The proportion of people living with HIV (PLWH) who are accessing ART has increased from 24% in 2010, to 68% in 202042,43. However, with the scale-up of ART, there has also been an increase in both pre-treatment drug resistance (PDR)44,45 and acquired drug resistance14,46 to 1st-line ART regimens containing NNRTIs. Integrase inhibitors (specifically dolutegravir) are now recommended for first-line regimens by the WHO in regions where PDR exceeds 10%47. Boosted PI-containing regimens remain second line drugs following first 1st-line failure, though one unanswered question relates to the nature of viral populations during failure on PI-based ART where major mutations in protease, described largely for less potent PIs, have not emerged.
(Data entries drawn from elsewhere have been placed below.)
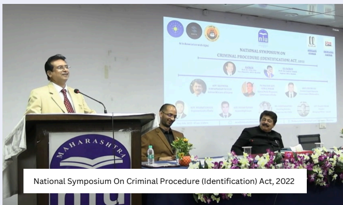
National Symposium On Criminal Procedure (Identification) Act, 2022

The Centre for Advanced Legal Studies, Training, and Research (CALSTAR) at MNLU Mumbai, is established with a visionary objective to create a comprehensive and unified platform for all academic, research, and training activities related to the dynamic and evolving field of law. The Centre envisions becoming a leading centre of excellence in legal education and research, contributing to the development of contemporary and futuristic legal frameworks that address emerging challenges in the legal landscape. It strives to bridge the gap between theoretical legal studies and practical application, ensuring that legal professionals are well-equipped to meet the demands of a rapidly changing world.
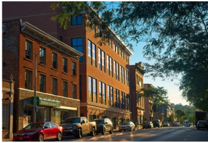
Photo caption: Peekskill Lofts - 82 units of affordable housing located at 645 Main Street in the Peekskill Artist's District bringing economic vitality to Peekskill's downtown while providing places for people to live.

New York State is a Great Place to Live that needs More Places to Live.
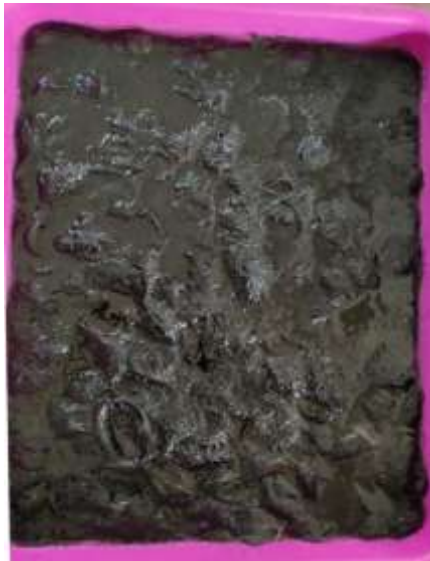
Fig.3: human hair in water

Here we have comprehensively analysed viral populations present in longitudinally collected plasma samples of chronically infected HIV-1 patients under non-suppressive 2nd-line ART.

With the vast majority of PLWH ho have been treated in the post-ART era, virus dynamics during non-suppressive ART are important to understand, as there may be implications for future therapeutic success. For example, broadly neutralising antibodies (bNab) are being tested not only for prevention, but also as part of remission strategies in combination with latency reversal agents. We know that HIV sensitivity to broadly neutralising antibodies (bNab) is dependent on env diversity48,49, and therefore prolonged ART failure with viral diversification could compromise sensitivity to these agents.

Our understanding of virus dynamics largely stems from studies that were limited to untreated individuals12, with mostly subgenomic data analysed rather than whole genomes12. Traditional analyses of quasispecies distributions, for example as reported by Yu et al50, suggest that viral diversity increases in longitudinal samples. However, the findings of Yu et al were based entirely on short-read NGS data without considering whole-genome haplotypes. The added benefit of examining whole genomes is that linked mutations can be identified statistically using an approach that we recently developed31. Indeed, haplotype reconstruction has proved beneficial in the analysis of compartmentalisation and diversification of several RNA and DNA viruses, including HIV-1, CMV and SARS-CoV-234,51,52.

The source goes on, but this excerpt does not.